パッドの話(1)
ここで少しパッドの話をしてみよう。組長が知っている範囲で、だ。
パッドというのは前出のように、2液の化学反応によって成り立っている。
ポリオールという主原料と、イソシアネートという反応材料、実質それに触媒というものが必要であり、これらが合わさって、通称ウレタンというものになる。
ポリオール、これはエポキシ接着剤でいうA液であり、実質的な人体への害は無く、これがパッドの主材となっていく。
イソシアネート、これには害があるらしく、人体に触れるとよくない、らしい。
エポキシ接着剤のB剤みたいのものであり、においがきつい。
’取り扱い注意’の物である、が組長はアンドレに指示されて、原料交換中に頭からかぶってしまった事がある。
触媒については、ウレタンの’泡’になるものである。
2液が混ざり、反応熱+温調(型を暖めておく)の温度で、液体から気体に変化する、これがぶつぶつの泡になり、中空部分が出来上がる。
昔のウレタン発砲の触媒はフロンであったが、今では温暖化対策の為に水(H2O)に変わっている。
フロンを使えた時代にはパッドの性能の調整は、フロンの種類を変える、投入量を変える、といった様に、非常に簡単であったが、水では種類を変えても(エビアン、森の天然水??)意味が無いので難しくなってきたのである。
また、この’泡’についても種類がある。
泡同士がくっついており空気が流れる物、これを’連泡(れんぽう)’という。
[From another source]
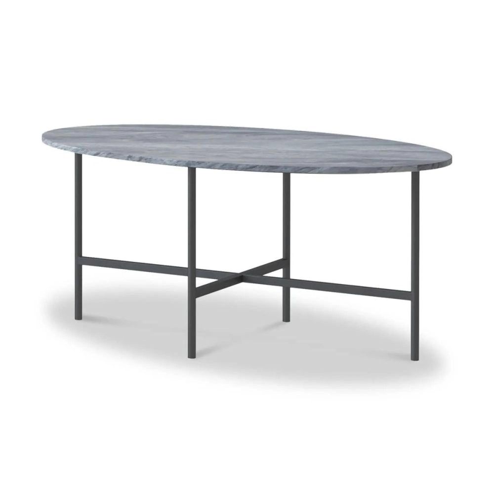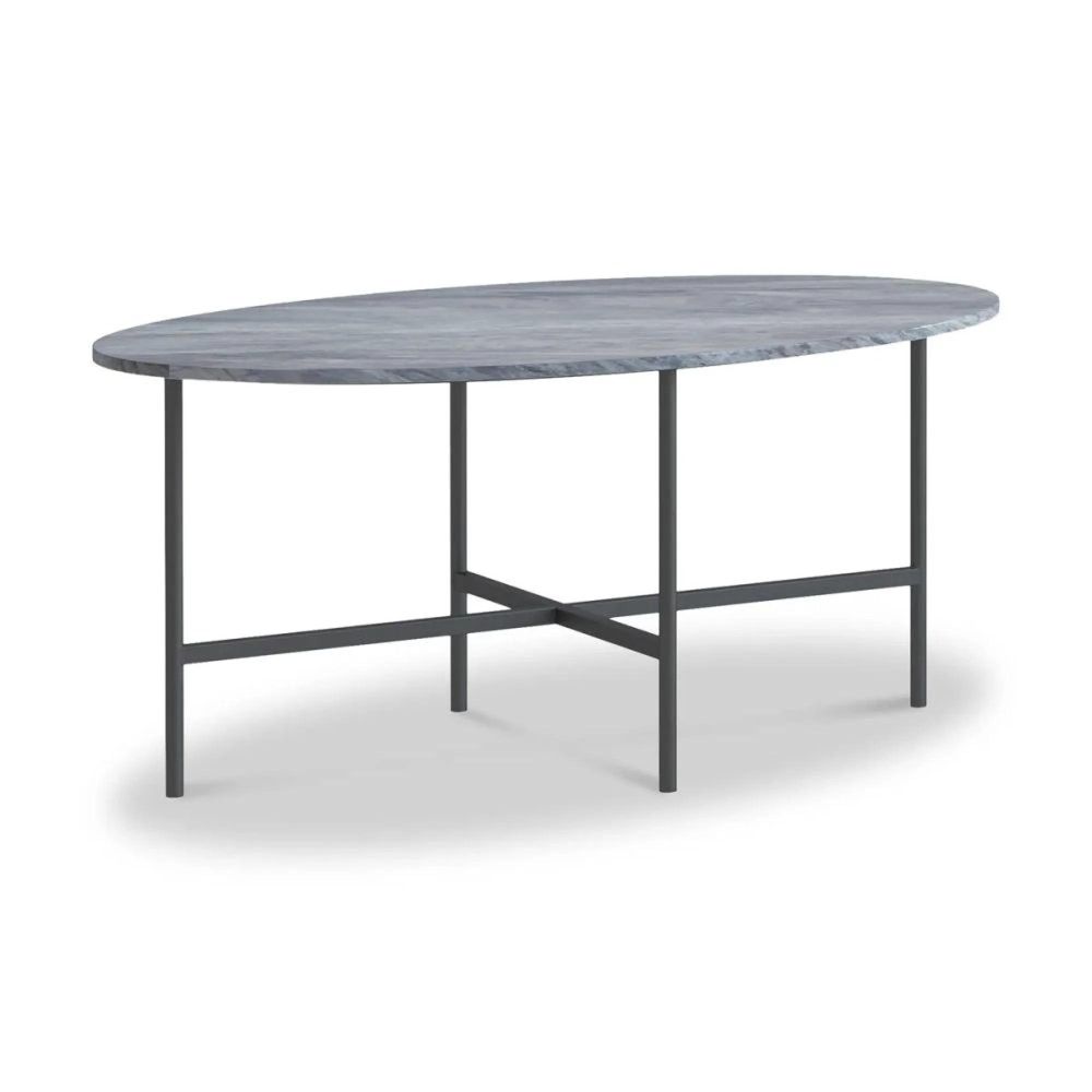 Supported by a durable cross-base metal frame in a powder-coated grey finish, this oval coffee table combines strength with sleek, contemporary style. The heat-resistant marble surface makes it practical for everyday use—perfect for drinks, décor, or entertaining guests.

パッドになった時の’バネ感’は実質、泡ではない部分の剛性によって得られる。
それに対して泡同士が離れている物、これを’独泡(どっぽう)’という。一回押しつぶされるとお互いの泡の間はつながるが、あくまで弁のような状態が保持される為、感触としてはネチョッっとした物になる。
当時、独泡の技術は高度な技術であり、それはNASAで開発されたものでNASAウレタンと呼んでいた。
現在では一般技術となってしまい、猫パンチが’各駅妻’に買ってやっているベット、あるいは、パソコンのケースとして世の中に出ている。